What is the one common factor that binds Indra Nooyi of PepsiCo, Kiran Shaw of Biocon and Chanda Kochhar of ICICI together? The answer: their leadership style. Organisations derive benefits from women because of their precision, dedication, honesty and above all, humane nature. And in doing so, companies are leaving no stone unturned in encouraging and retaining women at top positions.
“Corporates are increasingly experiencing a growing demand for soft skills such as communication ability, worker sensitivity and emotional intelligence. Since these qualities are traditionally associated with women, companies definitely benefit by having women in topmost positions. Also, women in leadership positions are more straightforward and candid,” says Rajkamal Vempati, head - human resources, ICICI Lombard General Insurance.
“Women have inherent multitasking abilities and a higher emotional quotient. Hence, they are treated as assets in the organisation. Their peopleorientation skills make it even more fruitful for an organisation to have sustainable growth,” asserts Shyam Sharma, vice president - HR & corporate communication, Claris.
Companies are now rolling out women-friendly initiatives. With the rise in the need for dual income and growing nuclear families, organisations are gearing up to allow flexibility like taking sabbaticals that will help women in continuing their association with organisations. ICICI Lombard is sensitive towards this problem and thus, has a lot of initiatives for female employees to tackle this. “For example, any female employee planning to adopt a child can claim upto a maximum of 30 days of adoption leave. Also, women are entitled to work parttime or work form home. They can also avail maternity leave and have constant support from the organisation at various life stage events,” adds Vempati.
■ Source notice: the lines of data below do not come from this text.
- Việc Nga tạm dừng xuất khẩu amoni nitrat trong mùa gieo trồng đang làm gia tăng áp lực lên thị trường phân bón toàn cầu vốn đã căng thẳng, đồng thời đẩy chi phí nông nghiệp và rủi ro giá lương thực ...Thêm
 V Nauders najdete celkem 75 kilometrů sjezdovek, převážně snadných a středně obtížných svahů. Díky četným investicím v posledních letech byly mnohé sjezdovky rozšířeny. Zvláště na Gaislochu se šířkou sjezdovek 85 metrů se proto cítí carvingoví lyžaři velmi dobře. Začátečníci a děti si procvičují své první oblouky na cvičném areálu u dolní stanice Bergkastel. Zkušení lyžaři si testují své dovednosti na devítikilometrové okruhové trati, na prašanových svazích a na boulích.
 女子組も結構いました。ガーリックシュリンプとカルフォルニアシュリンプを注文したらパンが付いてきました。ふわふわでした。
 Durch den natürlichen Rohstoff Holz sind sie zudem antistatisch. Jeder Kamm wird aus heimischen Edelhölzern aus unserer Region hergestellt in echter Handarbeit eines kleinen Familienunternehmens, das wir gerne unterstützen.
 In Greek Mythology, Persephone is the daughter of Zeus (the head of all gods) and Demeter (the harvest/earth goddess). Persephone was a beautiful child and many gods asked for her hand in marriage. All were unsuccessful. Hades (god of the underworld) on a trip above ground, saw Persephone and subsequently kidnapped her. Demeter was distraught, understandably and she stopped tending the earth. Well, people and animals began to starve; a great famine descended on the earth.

IBM provides its women employees with the necessary knowledge, resources, tools and opportunities. This enables and empowers them to successfully play active roles in the growth and development of the organisation. It also allows them to effectively and efficiently balance a demanding career with family and personal needs. “While we have a number of programs, policies and initiatives to ensure an inclusive environment in the organisation, our focus to build the women leadership pipeline is what makes these initiatives more unique. With these programs, we aim to grow the pipeline of women leaders who will be responsible for propelling the organisation on the growth path in the long-term. Specific need analysis has been done to identify the needs of women in the various stages of work life (early career, mid-management, senior leadership, etc) and focused initiatives have been planned and executed to meet not just their needs, but also organisational goals,” says Seema Ajwani, chairperson for IBM's India Women Leadership Council (IWLC) and leader - work force relations and diversity for IBM Daksh.
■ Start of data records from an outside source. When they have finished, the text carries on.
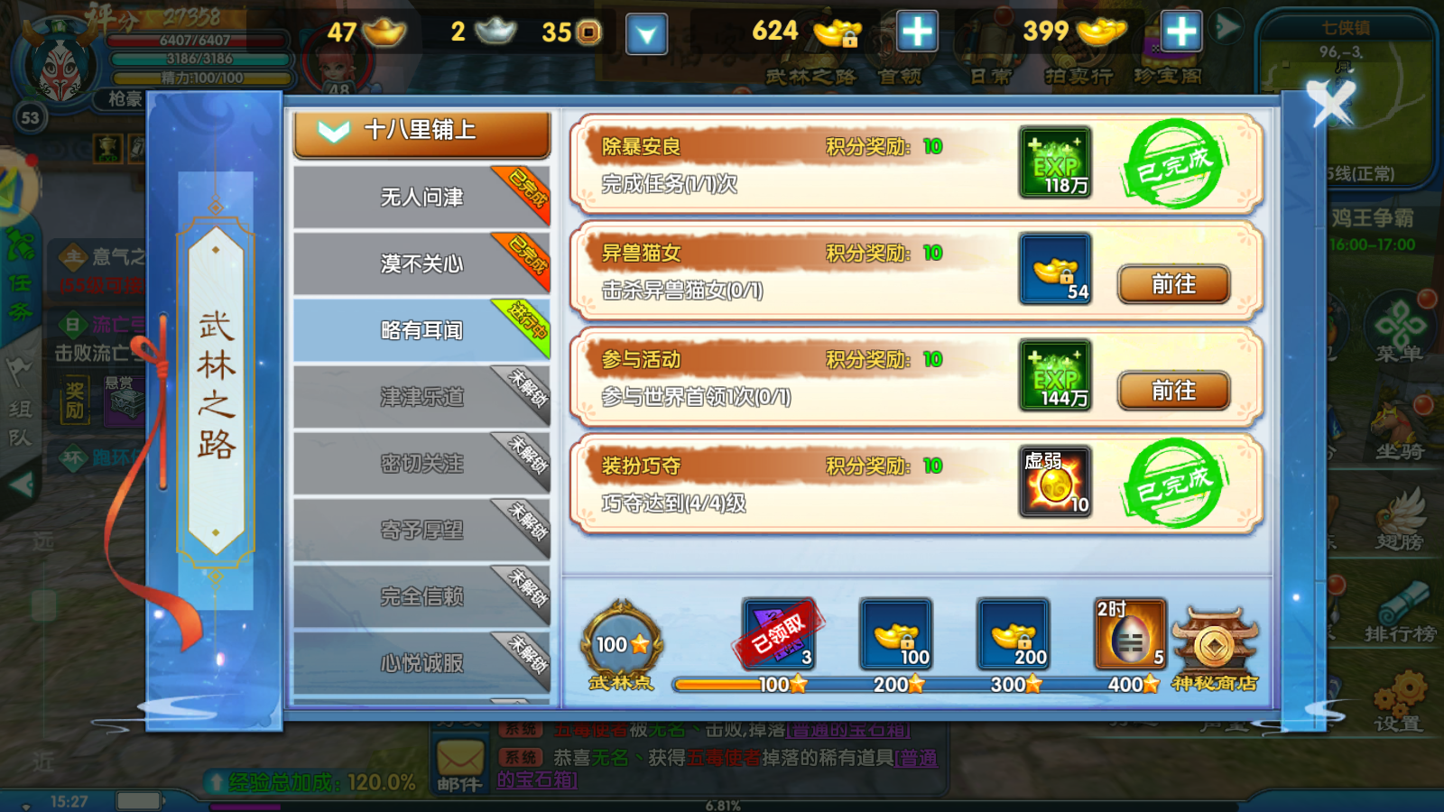 - 每日除暴安良先接再做其他任务,同步完成多拿奖励;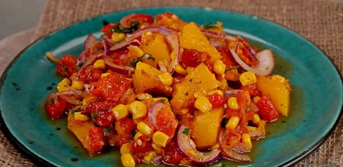 Салат із запеченим болгарським перцем, гарбузом та кукурудзою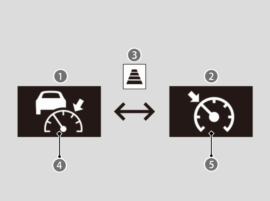 - 自動定速走行中に減速セレクターを使用すると自動定速走行は解除されます。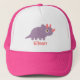 Um chapéu bonito para o esse tem uns desenhos animados de um dinossauro roxo do triceratops com os olhos redondos grandes, e chifres do rosa em sua cabeça. Excelente para quem amor os temas pré-históricos ou jurássicos! Personalize com nome de s.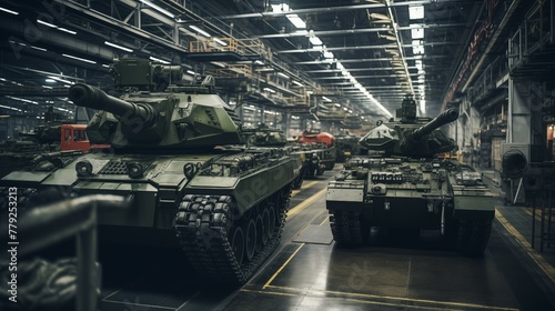 Fototapeta premium Modern high tech factory producing military tank vehicles in a production line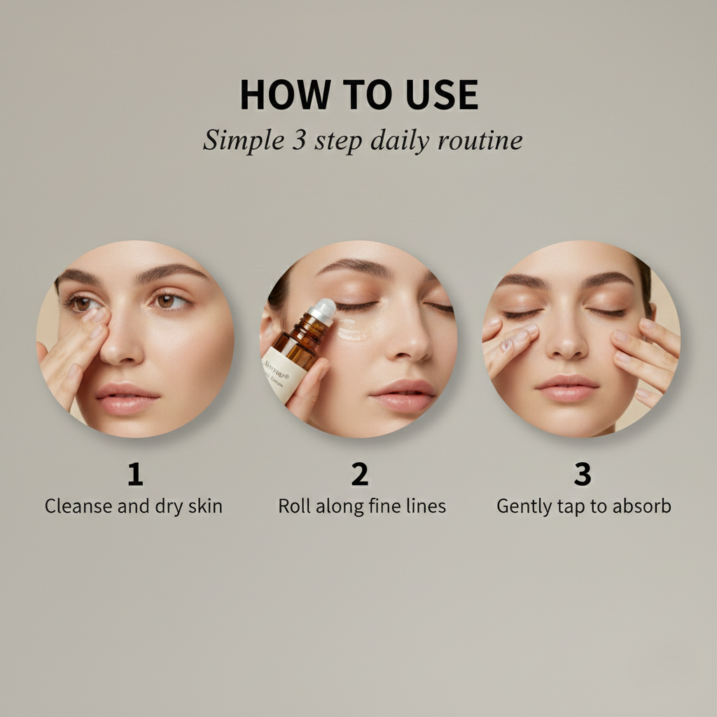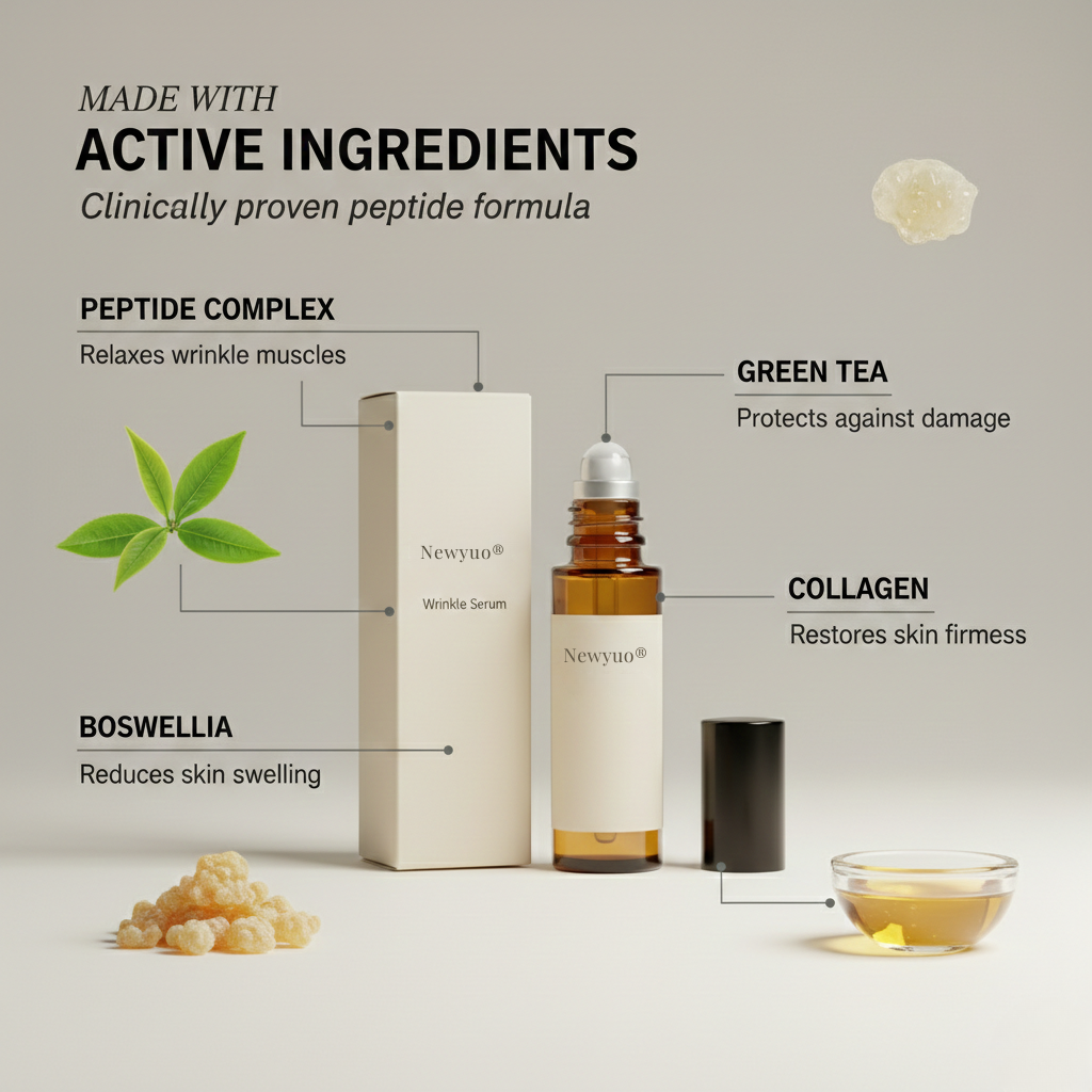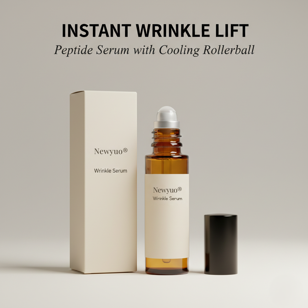 Newyuo uses a precision cooling rollerball to deliver a concentrated peptide-tightening formula directly into every crease — forming an invisible, breathable micro-film that pulls surface wrinkles smooth while Acetyl Hexapeptide-8 and Hyaluronic Acid lock the firming effect in place for hours of crease-free wear.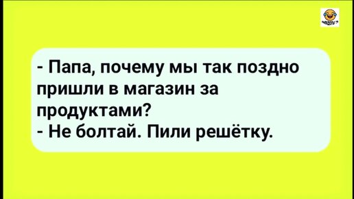 - Папа, почему мы так поздно пришли в магазин за продуктами? - Не болтай. Пили решётку

“In addition to our active involvement in Women Conferences in India, we also have an annual Woman Leadership Conference (Winspiration) for selected women leaders which is a widely regarded opportunity to enhance networking and build leadership skills,” adds Ajwani. “Besides the regular programs, special training programs are designed and organised for women in managerial positions to help them build confidence and ‘take the stage’ in the corporate world.
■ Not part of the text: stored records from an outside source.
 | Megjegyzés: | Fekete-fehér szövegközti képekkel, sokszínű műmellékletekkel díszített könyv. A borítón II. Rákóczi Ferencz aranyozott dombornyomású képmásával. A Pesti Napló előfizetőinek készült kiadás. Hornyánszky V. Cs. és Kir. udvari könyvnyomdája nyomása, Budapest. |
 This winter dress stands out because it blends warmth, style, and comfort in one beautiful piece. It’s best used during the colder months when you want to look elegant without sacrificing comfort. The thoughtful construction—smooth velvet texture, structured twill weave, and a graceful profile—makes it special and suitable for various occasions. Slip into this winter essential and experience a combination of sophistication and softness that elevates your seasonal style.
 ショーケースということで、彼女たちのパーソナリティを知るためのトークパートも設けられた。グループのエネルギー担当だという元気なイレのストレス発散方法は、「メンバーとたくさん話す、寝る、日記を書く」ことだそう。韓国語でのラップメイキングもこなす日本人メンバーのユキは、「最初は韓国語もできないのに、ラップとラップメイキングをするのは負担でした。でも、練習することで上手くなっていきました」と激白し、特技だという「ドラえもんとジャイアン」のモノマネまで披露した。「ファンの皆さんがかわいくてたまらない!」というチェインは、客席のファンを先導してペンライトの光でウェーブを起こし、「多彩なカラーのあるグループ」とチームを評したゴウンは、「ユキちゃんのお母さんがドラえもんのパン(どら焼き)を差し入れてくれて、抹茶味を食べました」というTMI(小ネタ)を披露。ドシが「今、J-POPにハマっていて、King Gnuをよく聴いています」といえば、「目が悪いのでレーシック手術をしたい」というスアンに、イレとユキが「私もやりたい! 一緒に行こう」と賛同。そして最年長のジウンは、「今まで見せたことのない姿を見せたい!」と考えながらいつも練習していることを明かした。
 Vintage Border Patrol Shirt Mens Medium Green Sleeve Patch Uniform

We also conduct a two-day workshop called ‘Women Leadership Development’ targeted to women at top positions. Apart from this, learning from the experience of senior women on ways to face challenges and enable professional growth are some such initiatives,” she further adds. In today’s competitive environment, companies continue to look for ways to improve performance and achieve corporate objectives. They are also increasingly offering women employees the opportunity to work part-time or from home under special circumstances. Other options are telecommuting, which allow staffers to work for one or two days a week from home, a special relaxation room, lactation room and car parking for moms-to-be, are also provided. Whatever the route, the dynamics have changed now and with companies not willing to lose good talent, they are going a long way to hang on to it.